Israel di Persimpangan: Negosiasi Gencatan Senjata, Krisis Koalisi, dan Politik Identitas

Pemerintah Israel kembali berada di titik genting dalam pusaran politik dan tekanan internasional, menyusul langkah terbaru Perdana Menteri Benjamin Netanyahu yang mengirim delegasi ke Doha, Qatar, untuk membuka kembali jalur negosiasi gencatan senjata dengan Hamas. Namun, seperti biasa, diplomasi Israel tak pernah berjalan tanpa sandungan. Netanyahu dengan tegas menyebut tuntutan Hamas dalam perundingan sebagai "tidak dapat diterima," mengisyaratkan bahwa Tel Aviv tidak akan menyerah begitu saja, bahkan ketika tekanan dari sekutu Amerika Serikat kian menguat.

Sementara negosiasi berlangsung di belakang layar, koalisi pemerintahan Netanyahu diguncang dari dalam. Fraksi ultra-Ortodoks (Haredi) terus mendesak penolakan wajib militer bagi pemuda Yeshiva, di tengah tuntutan publik atas kesetaraan beban nasional. Perselisihan ini semakin memperkeruh ketegangan internal di tengah kondisi perang yang belum mereda di Gaza.

Tak hanya itu, pemerintah Israel juga kembali membangkitkan kontroversi lama dengan mengajukan RUU untuk mencabut “grandparent clause” dalam Undang-undang Kembalinya Orang Yahudi (Law of Return). Usulan yang diajukan oleh MK Avi Maoz dari partai sayap kanan Noam ini berpotensi mengubah lanskap demografi Yahudi secara drastis, karena menghapus hak keturunan Yahudi dari jalur nenek atau kakek. Langkah ini dinilai sebagai upaya ideologis untuk menyaring imigrasi hanya bagi Yahudi ‘murni’—dan menuai kritik tajam dari kelompok Yahudi diaspora.

Di sisi lain, sebuah survei dari Tel Aviv University mengungkapkan bahwa mayoritas warga Arab-Israel, sebesar 73,2%, mendukung partisipasi politik partai Arab dalam pemerintahan nasional. Fakta ini kontras dengan sikap elit politik Yahudi yang masih enggan memberikan ruang sejajar bagi minoritas Arab, mencerminkan jurang kepercayaan yang semakin menganga antara rakyat dan penguasa.

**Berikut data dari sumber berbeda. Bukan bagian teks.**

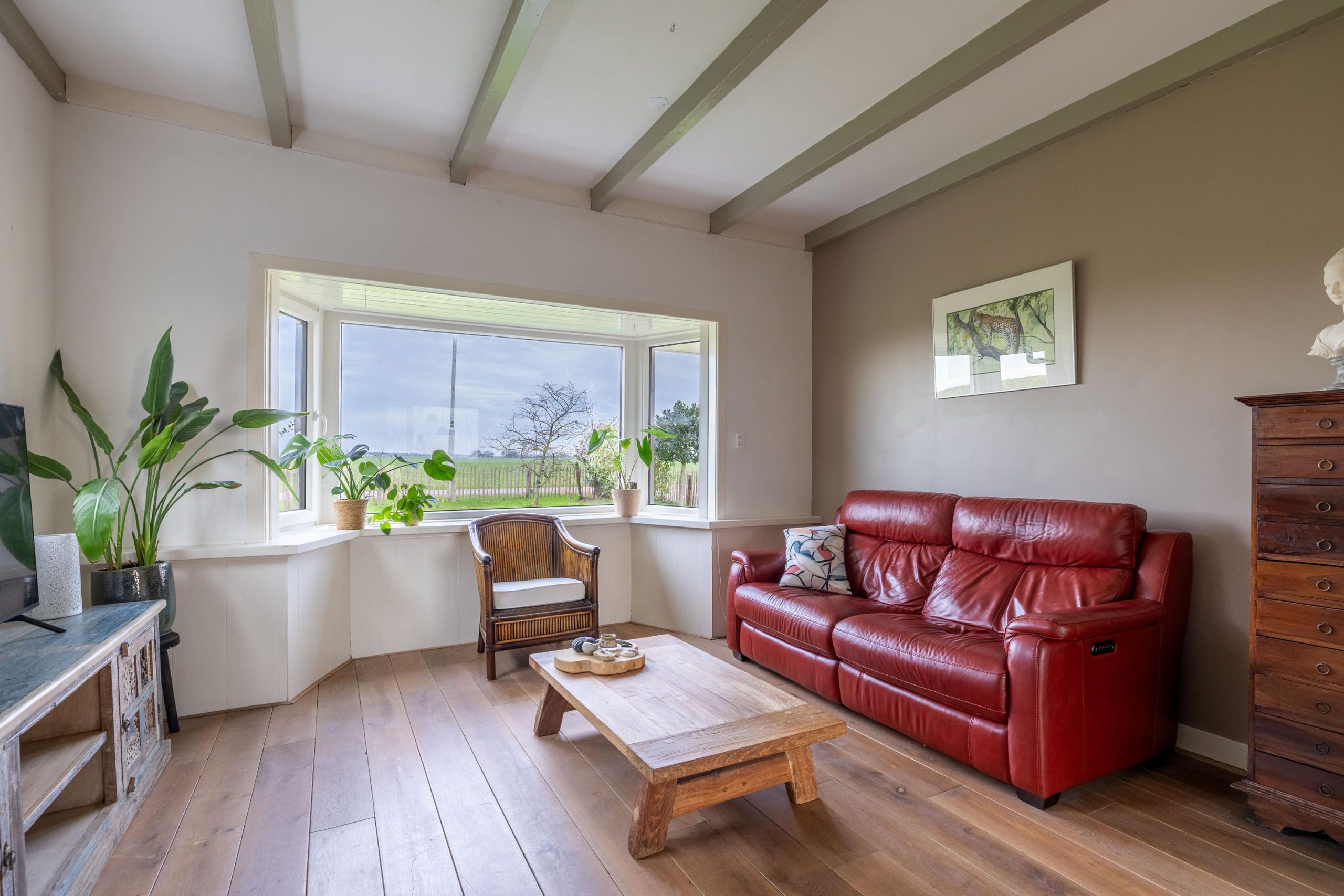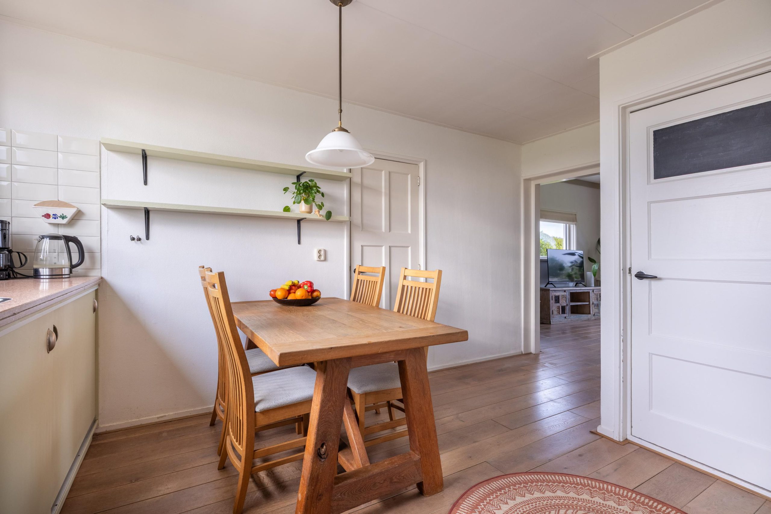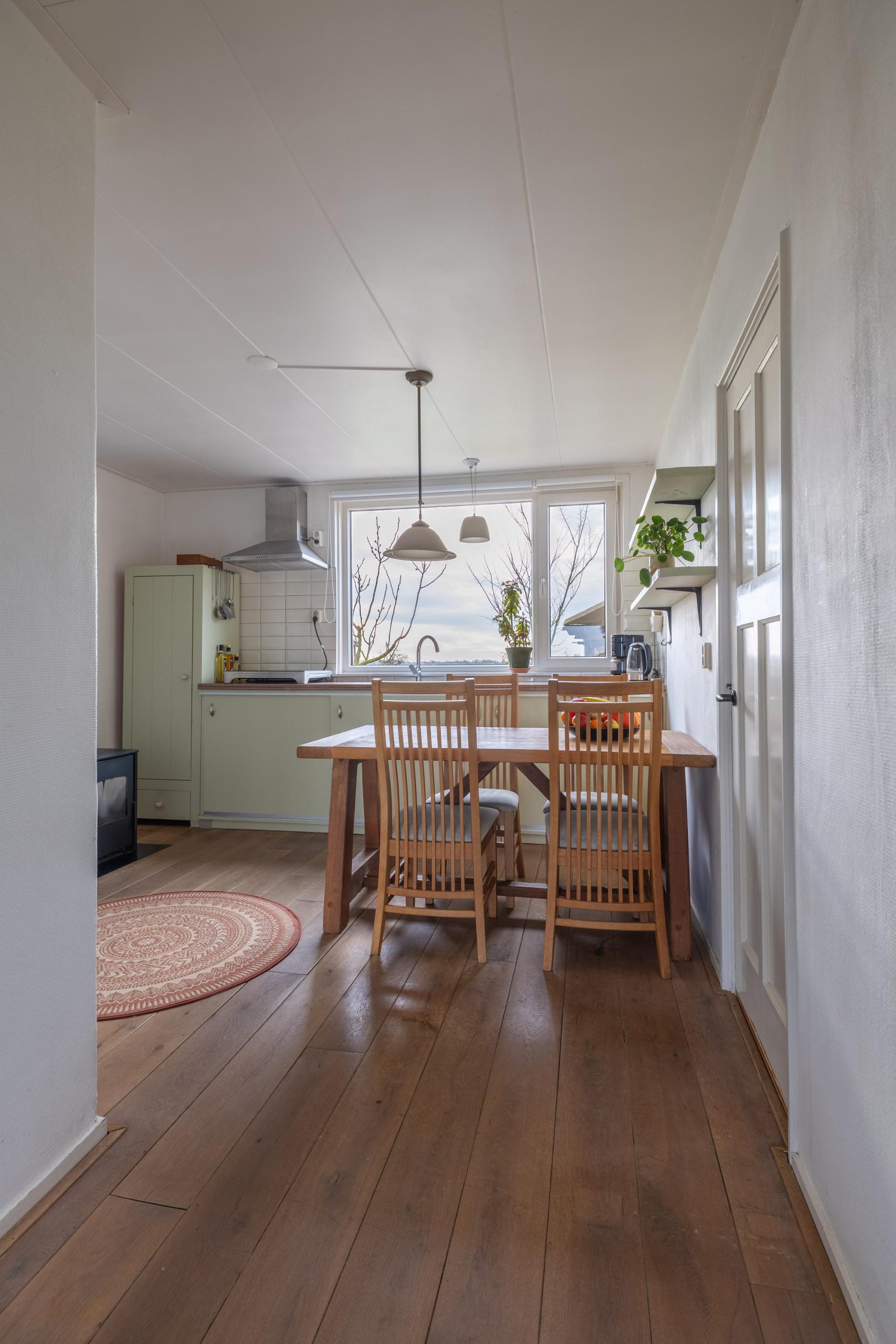 Bij binnenkomst voel je direct de ontspannen sfeer van het huis. De woonkamer en keuken vormen samen een fijne leefruimte waar het daglicht royaal naar binnen valt en waar je altijd contact hebt met buiten. Of je nu aan de keukentafel zit of op de bank, het uitzicht is altijd onderdeel van het wonen.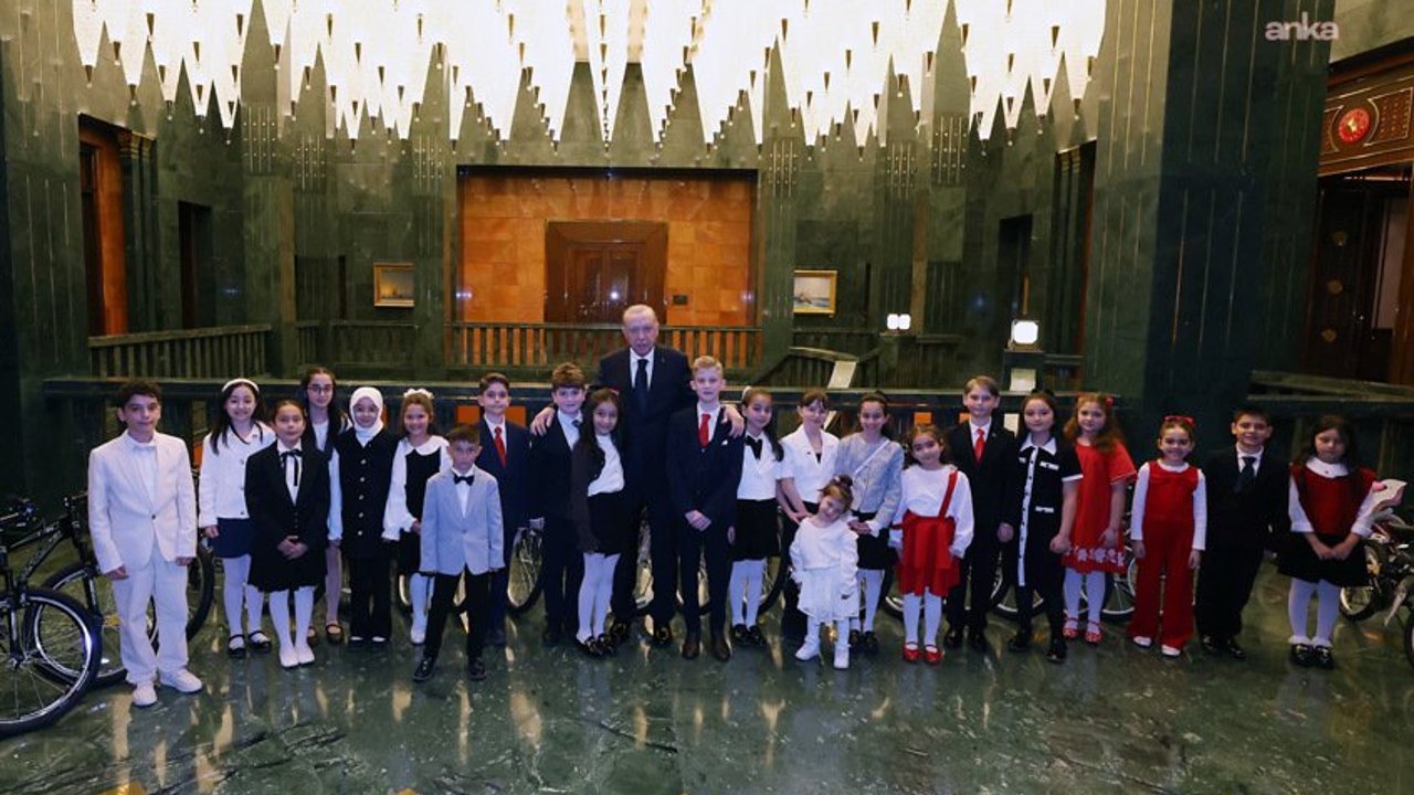 Cumhurbaşkanı Recep Tayyip Erdoğan, 23 Nisan Ulusal Egemenlik ve Çocuk Bayramı kutlamaları kapsamında geleneksel kabulünü gerçekleştirdi. Cumhurbaşkanlığı Külliyesi'nde gerçekleşen görüşmede Türkiye'nin dört bir yanından gelen çocuklar, devletin zirvesiyle bir araya geldi.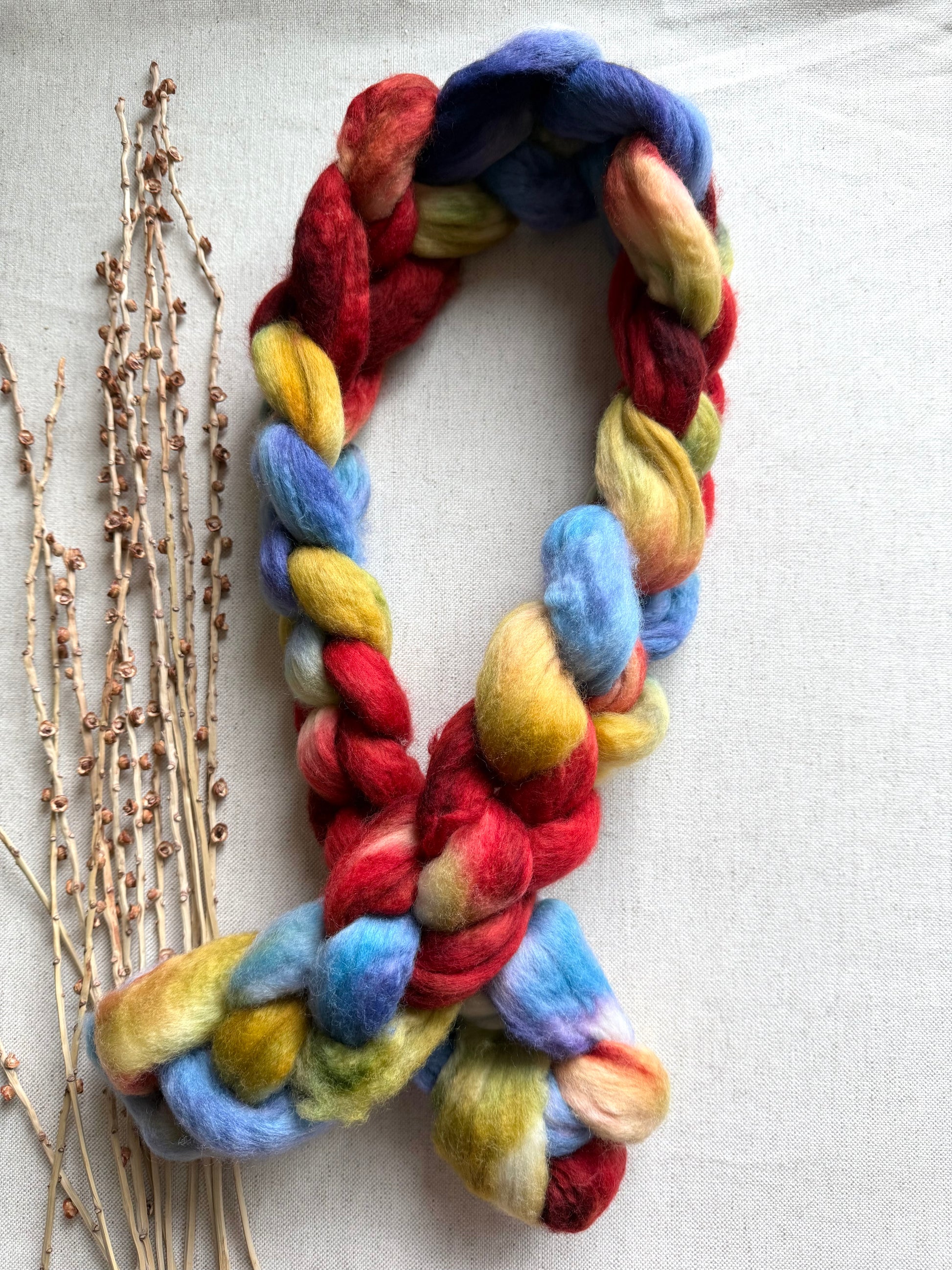 Merino is a perfect choice for spinning or felting. It's super soft, wonderful to work with and one of my favorites to spin and knit with. This top is such joy to spin for both the beginners and the experienced. It's a super soft, bouncy fiber and can be used in a number of ways to create a beautiful project.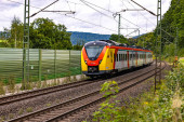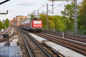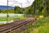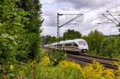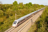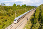 Zdjęcie "Międzymiastowy pociąg ekspresowy na torze kolejowym między przyrodą, drzewami i roślinami kwitnącymi na wsi" może być wykorzystywane do celów osobistych i komercyjnych zgodnie z warunkami zakupionej licencji Royalty-free. Obraz jest dostępny do pobrania w jakości wysokiej rozdzielczości do 5760x3840.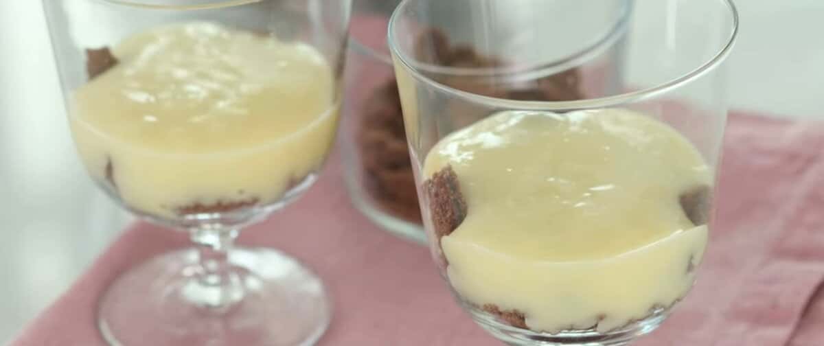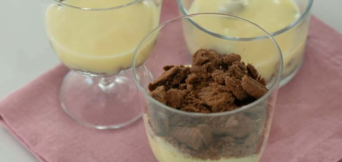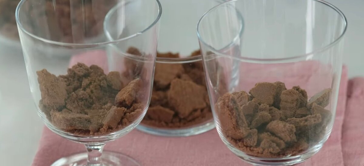 Печиво ( у мене шоколадне ) ламаємо руками, роблячи крихти. Викладаємо крихти в дно форм ( де будуть десерти ).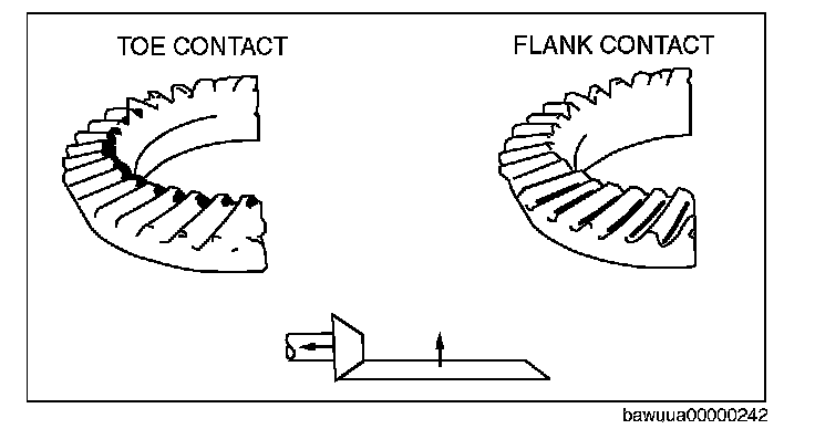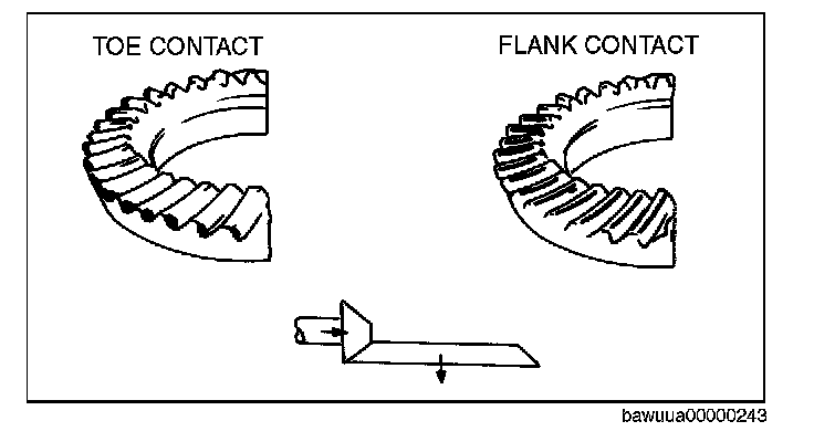 4) If toe and flank contact is indicated as shown in the figure, replace the drive pinion spacer with a thinner one to maintain the drive pinion further away.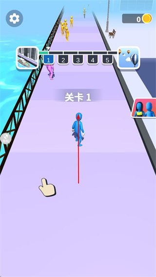 1、进入关卡1界面,跟随指引操控蓝色角色,沿赛道向前移动,靠近前方的其他角色。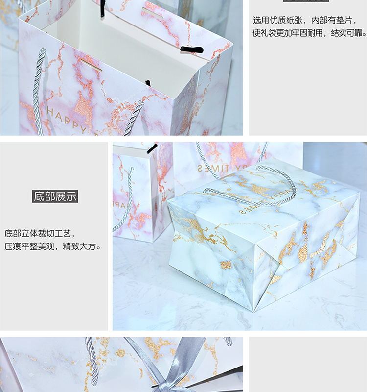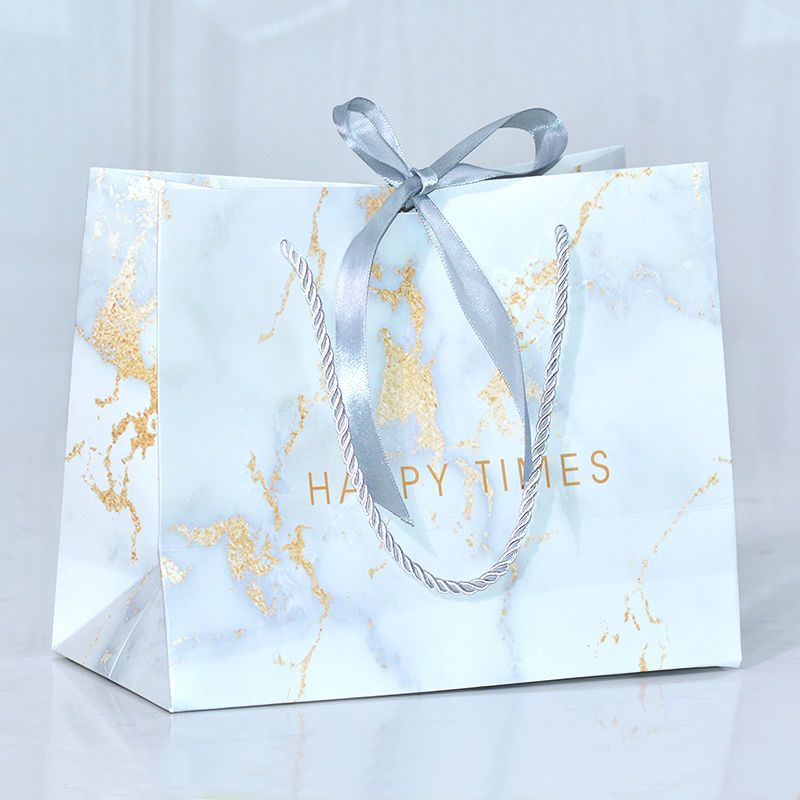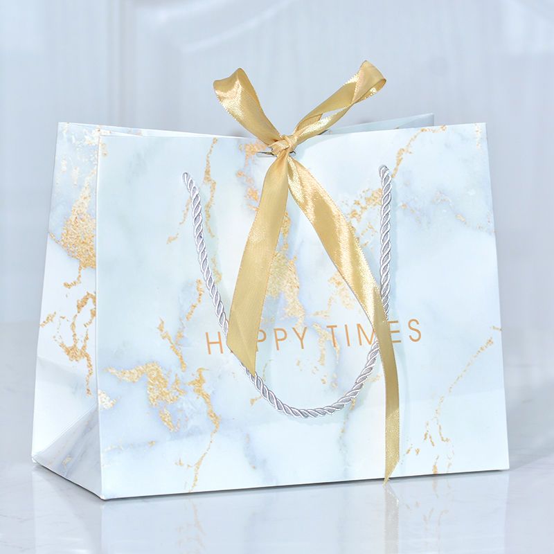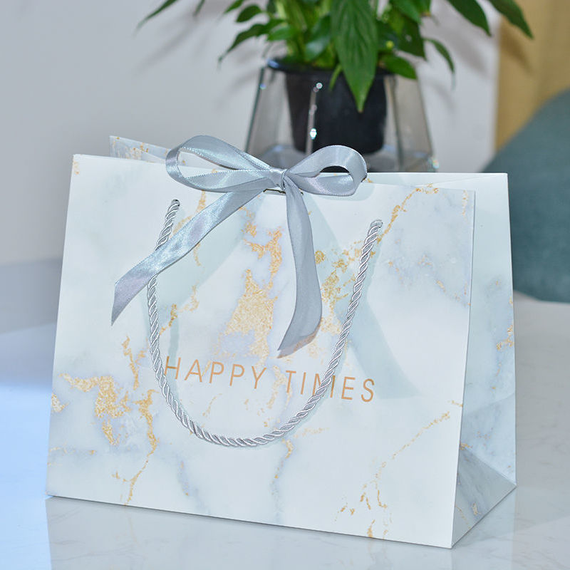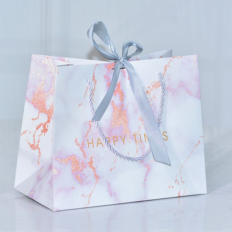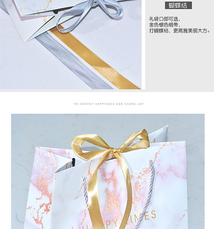 ins风礼品袋服装袋大理石纹简约手提袋配丝带喜糖袋通用纸袋定制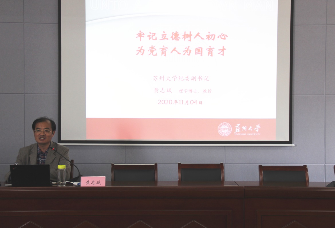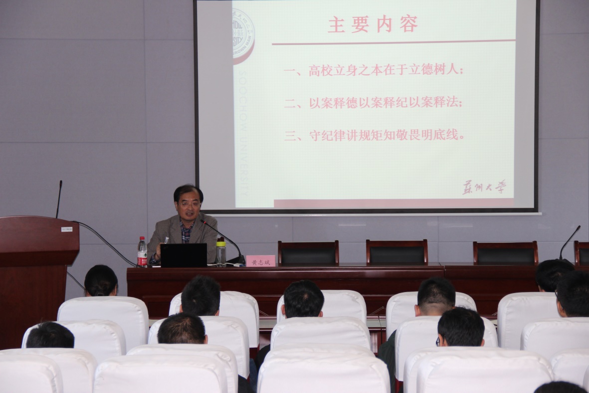 为全面贯彻落实党的十九大精神,构建师德师风建设长效机制,11月4日,学院召开加强师德师风建设专题学习暨党委理论学习中心组学习会,邀请校纪委副书记黄志斌做题为“牢记立德树人初心,为党育人为国育才”专题辅导报告。院党委书记宋清华主持,学院全体教职工及院党委理论学习中心组成员参加了此次专题学习。
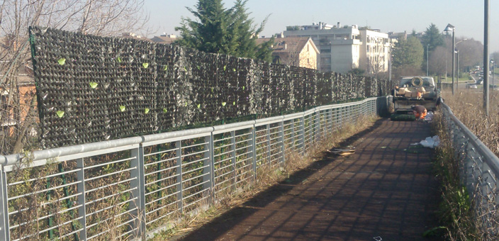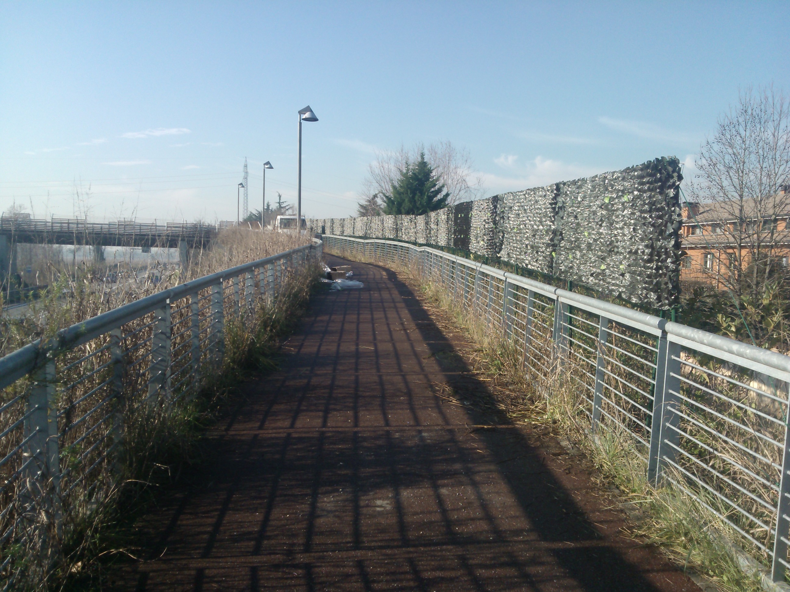 Una simil siepe che costeggia tutto il lato esterno del ponte ciclopedonale di raccordo tra Cernusco e Pioltello.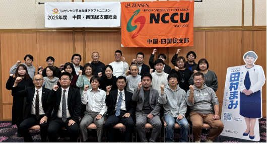 11月9日(土)、岡山市の「サンピーチOKAYAMA」にて、「2025年度総支部総会」を開催し、中国・四国総支部の9県から25名が参加しました。「2024年度の活動報告・会計報告」および「2025年度の活動計画・予算・役員体制」について確認するとともに、今後も役員全員で組合活動を活発に進めていくことを改めて共有しました。

Israel hari ini berdiri di persimpangan sejarah: antara jalan kompromi demi stabilitas nasional, atau meneruskan politik eksklusivitas dan dominasi yang semakin mengisolasi mereka dari konsensus internasional. Dunia menyaksikan—dan waktu tak lagi berpihak pada politik penuh penyangkalan.